Gernot wrote:
User-level drivers are a core properties of (well-designed)
microkernels, and microkernels are pretty much the only choice for
safety- and security-critical systems, and the only kind of OS that
is feasible to prove correct (see seL4).
And if you run drivers in user mode, then being able to route
interrupts directly to the user-level handlers without invoking the
kernel would seem to pretty much eliminate the performance
disadvantage microkernels have compared to Linux. In fact, my
immediate reaction seeing this extension was “yeah!”.
Aside from the fact that doing this requires some version of the
quasi-deprecated N extension be implemented in addition to the
hypervisor extension, the main problem with this idea is how the
hardware decides to send memory access traps to U mode versus HS mode.
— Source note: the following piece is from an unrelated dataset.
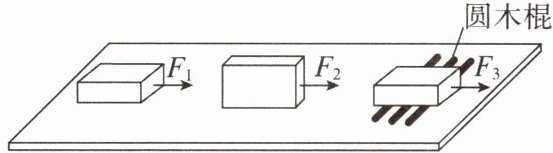 8. 在研究摩擦力时,小明同学用一块各侧面光滑程度完全相同的木块,在同一水平桌面上进行了三次实验。如图所示,当用弹簧测力计水平拉木块做匀速直线运动时,弹簧测力计三次示数$F_1$、$F_2$、$F_3$的大小关系为( )

The delegation provided by sideleg is too crude to suffice for this
purpose. Instead, the choice must be encoded on a per-page basis
in the G-stage page tables---which is what Huawei's proposal does,
naturally enough.
But if our real goal is for virtual machines to run as fast as
possible, it seems to me the more important subgoal is to minimize
the number of times when memory accesses to a virtual device must be
trapped and emulated, by maximizing the opportunity for a guest OS
to directly control physical devices without emulation. The hardware
components needed for this include the new interrupt architecture that
is being developed, plus a sufficiently capable IOMMU, a proposal for
which is being drafted by a different informal group of interested
parties.
Even with this new hardware (in whatever form it actually becomes
standard for RISC-V), we can expect that some need to trap-and-emulate
for virtual devices will remain. But at the current time, I don't know
how we can predict very well the performance cost of those traps that
remain, or how much improvement we would get from adopting Huawei's
proposal. For all I know, it may be that, once we have the new
interrupt architecture and an IOMMU, the added improvement from
Huawei's proposal is barely noticeable.
Maybe it will be, and maybe it won't. All I'm suggesting is, it would
be better to evaluate that choice after these other essential pieces
are in place, and after all the relevant software has been completed
and optimized, as Anup Patel spoke of.
One counterargument might be to claim that there is sufficient long-
term market interest in supporting the hypervisor extension as best
as possible _without_ the new interrupt architecture and IOMMU. I'll
leave it to others to try to make that case.
- John Hauser